In 1988 Congress passed the Indian Gaming Regulatory Act (IGRA).1 The states, disappointed with certain aspects of the IGRA legislation, launched a war against Indian tribes to stop them from conducting the gaming which Congress had determined was a vital source of economic development for tribes and a proper exercise of tribal sovereignty. In 1994 governors from forty-nine states signed and sent a letter to Congress urging drastic revisions in the law purportedly to protect states’ rights.
To this day, every Session of Congress brings the introduction of legislation that would curtail or destroy Indian gaming rights.
The states viewed the establishment of tribal casinos within their borders as an intrusion of states’ rights that should be stopped or, at a minimum, curtailed. To the tribes, Indian gaming had to be protected and expanded because it was the only known source of economic development that gave tribes the resources to raise themselves from levels of abject poverty that had continued on most reservations for more than a century.
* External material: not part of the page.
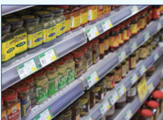
Food flexible packaging printing

Currently, the Indian gaming war is almost over. In state after state, through negotiation or litigation or some combination of the two, the tribe and the states have been able to agree on the compacts IGRA requires for the conduct of casino gaming. Indian gaming ventures have helped the state and local economy, while affording tribes the economic development they desperately need. At the present time there are 179 compacts negotiated between 160 tribes and 24 states. Last year the California tribes and the State of California entered into a statewide compact approved through the passage of an amendment to the State Constitution that has finally resolved the controversies that have raged in that state for more than ten years.